AIM OF THE TASK: Only a verbatim restatement of the lines from the one with "- 30대 이상 미혼" through the end of the listing below is wanted. Pictures should be left out.

*** Opening GIVEN MATERIAL ***

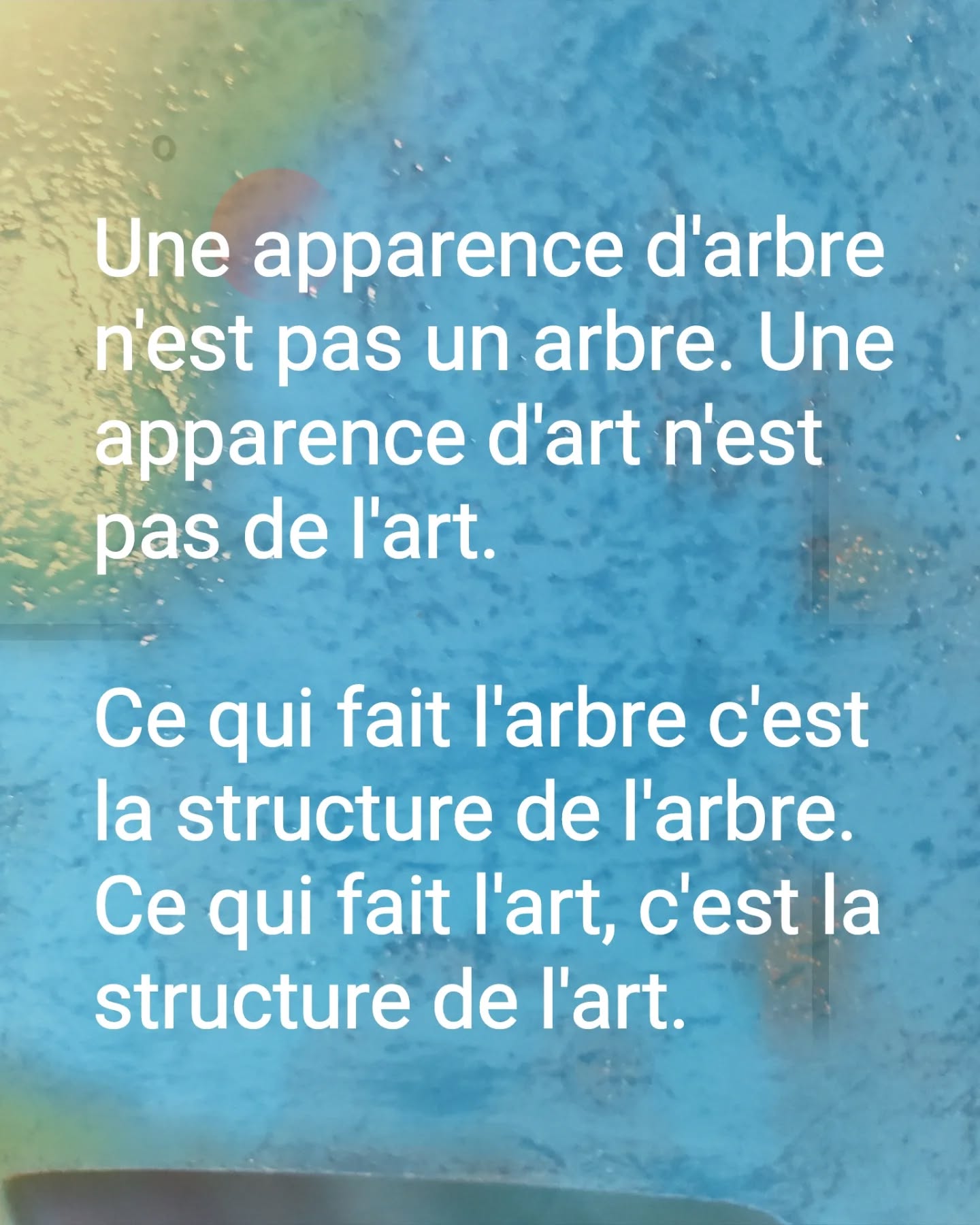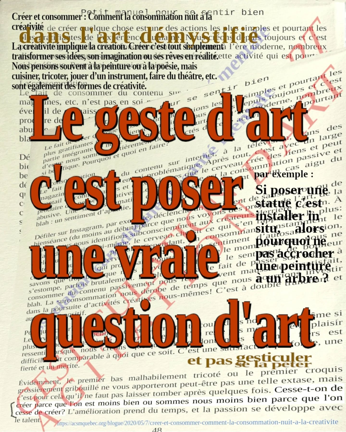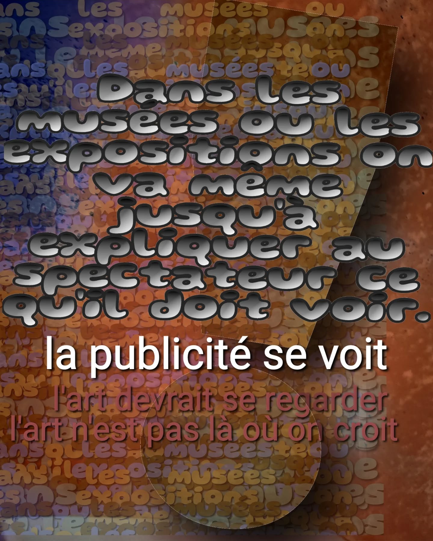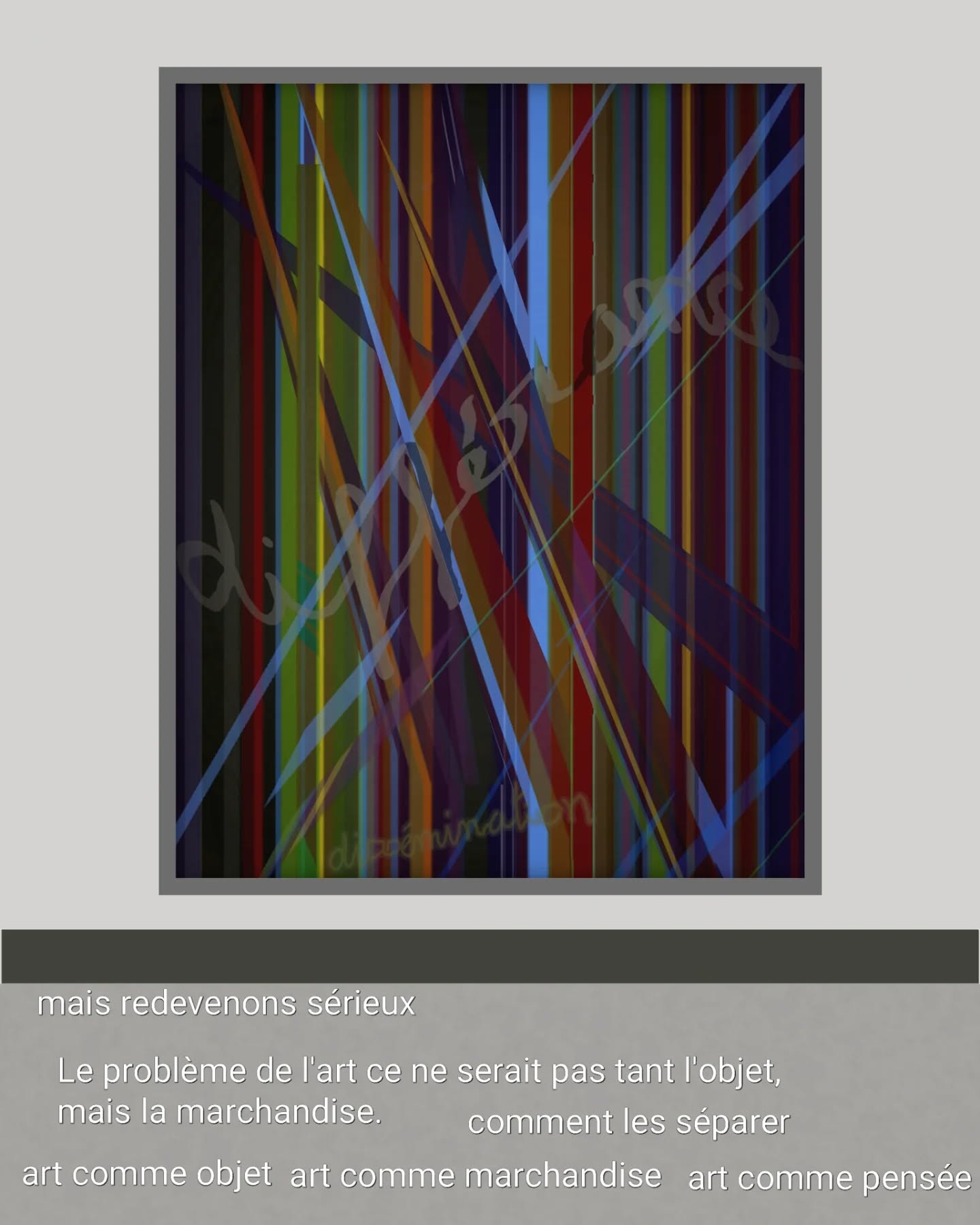 L'art aussi sait faire danser la table. Il y a les marchandises, les marchandises artistiques, et l'art non marchand. L'art (non marchand) n'a pas besoin de cadre. Un simple adhésif fait l'affaire.
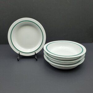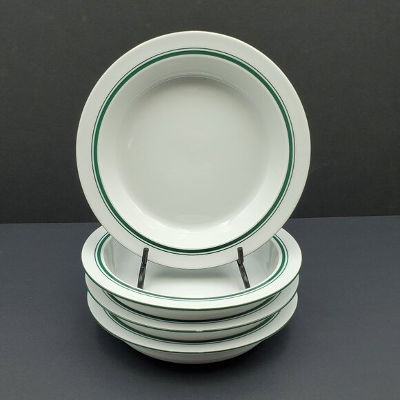 Dansk Christianshavn Green Rim Soup Bowls. Dansk Bistro Green Band Rimmed Soup Bowls - Set of 4. Excellent pre-owned condition with some light wear on the bottoms only. 8" x 1.25". These are a little on the heavy side and the price reflects my additional shipping cost. As of this posting, I have 10 available but please check with me before bundling due to weight. Thanks!
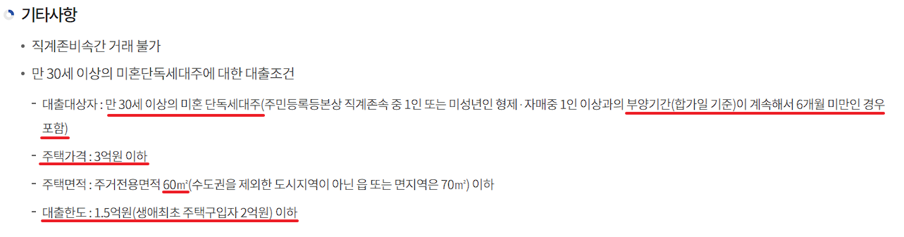 - 30대 이상 미혼 세대주 / 수도권 대출시에 유리한 내용을 위주로 기술하였습니다(따라서 생략된 내용도 일부 있습니다.)
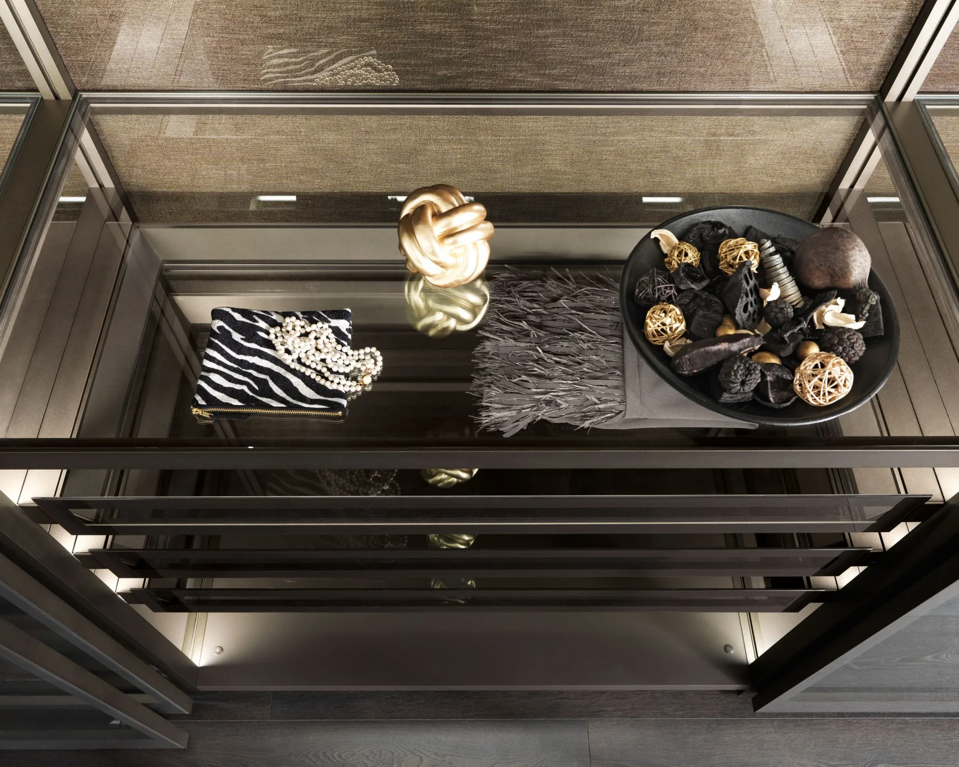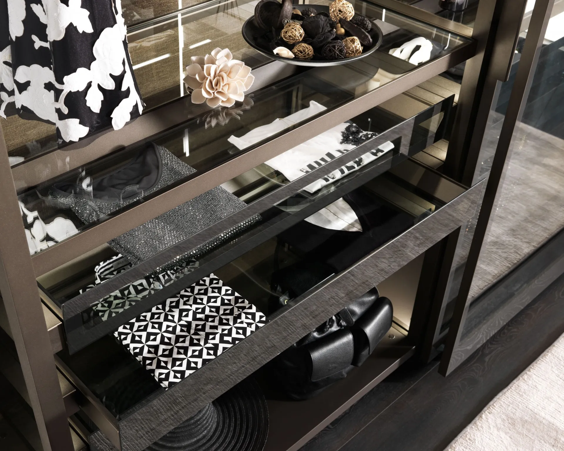 Элитная гардеробная Palo Alto сконструирована из металлического профиля и прозрачных стеклянных панелей. В комплекте присутствуют угловые; объединенные; пристенные секции.

*** Closing GIVEN MATERIAL ***

TASK OUTPUT:
 - 30대 이상 미혼 세대주 / 수도권 대출시에 유리한 내용을 위주로 기술하였습니다(따라서 생략된 내용도 일부 있습니다.)
 Элитная гардеробная Palo Alto сконструирована из металлического профиля и прозрачных стеклянных панелей. В комплекте присутствуют угловые; объединенные; пристенные секции.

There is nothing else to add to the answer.